Madrid,
Hippolyte Taine said that painting, like the perception it reproduces, is hallucinatory by nature and that hallucination, however abnormal it may be considered, is the essence of our mental life. His statement can help us a lot to understand the surrealist postulates, and not only those that were put onto canvas, but also those that reached sculpture or cinema.
Within the framework of the activities with which the Círculo de Bellas Artes commemorates the centenary of the movement and its Manifesto, directed by André Breton, its Picasso room now hosts a very extensive exhibition that delves into the future (we cannot talk about evolution ) of Max Ernst’s art over seven decades and, above all, in his links with the big screen. The purpose implies an important challenge, because this German author was a painter, sculptor, engraver, draftsman, poeticist and theorist – above all a gamer who did not set limits to his experimentation – and because he was related to Dadaists and Surrealists, but a no small part of his production had a romantic aspect and another of his references was Renaissance humanism.
Comfortable with his image and his celebrity, he posed for numerous photographers (there are many snapshots in this anthology that show us creating, resting or playing chess with Dorothea Tanning) and he also participated as an actor in quite a few films and documentaries, although that Physical presence was not the only way in which he became involved – we will see – in the seventh art. His very notion of creation already had a lot of scenography and fiction: the theatrical sets, the setting of his figures in fake settings or the use of wooden platforms refer to a consideration of representation that is very distant from naturalism, but also very close. to childhood, which is not directly present in his creations, but is present in spirit; Ernst was a fervent believer in the power of play.
Born in the industrial city of Brühl in 1891, he had already studied philosophy, art history, literature and psychiatry in Bonn, and was a good friend of Macke, before enlisting in the army in World War I. After his end he settled in Cologne, where he participated in a Dadaist movement already underway, creating unpublished collages that combined photography and woodcut, and in 1922 he would settle, although illegally, in France, where he was well received for the early surrealist features that he manifested. his work, in the form of a juxtaposition of distant realities that generated, it was said, sparks. Breton himself anticipated, already in the early twenties, Ernst’s close relationship with the cameras that would come later; assured him that he projects before our eyes the most captivating film in the world, without losing the grace of his smile. To achieve this, his sources would be, at first, Muybridge and Marey, pioneer photographers in capturing movement, and who at that time was considered almost a magician: Georges Méliès.

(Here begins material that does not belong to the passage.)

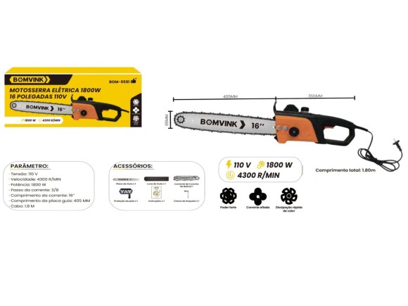 MOTOSSERRA ELETRICA 16" POLEGADAS 110V 1800W BOM-9591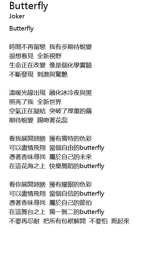 | 可以盡情飛翔 當個自信的butterfly | |

It would not take long for the artist to transfer to painting the principles he had applied to collage: an early example is found in the Círculo in Oedipus the King (1922), in which a nut and a pierced hand are unexpectedly large in relation to the house from which they protrude, without this implying a break in harmony. His first Dadaist forays seem to converge here with concerns typical of De Chirico and his metaphysical painting, with his knowledge of ancient Greek literature and contemporary psychoanalysis. The reference to perforation alludes to the liberation of the gaze to address inner worlds and would be the basis of the famous sequence of the cut eye of An Andalusian dogseven years after that work; and that is not the only element in Buñuel and Dalí’s film that will refer to Max Ernst. Speaking of Dalí, this Christmas the Círculo will exhibit at its Fernando de Rojas Theater the original curtains he designed for his first paranoid ballet, called Bacchanale.
One of Ernst’s most attractive compositions among his arrivals in Madrid is dedicated, precisely, to his friends: we can say that Au rendez-vous of friends combines the portrait with the manifesto; Furthermore, dated 1922, it already captures all the figures that would shape surrealism a couple of years later, conveniently numbered so they can be identified. They also rub shoulders with artists of the past, in an image close to collage in form and allegory in content: we are referring to Rafael Sanzio and Dostoevsky; and are accompanied by alchemical or astral symbols. Contemporary sources and authors make up here, therefore, an inspired and inspiring collective.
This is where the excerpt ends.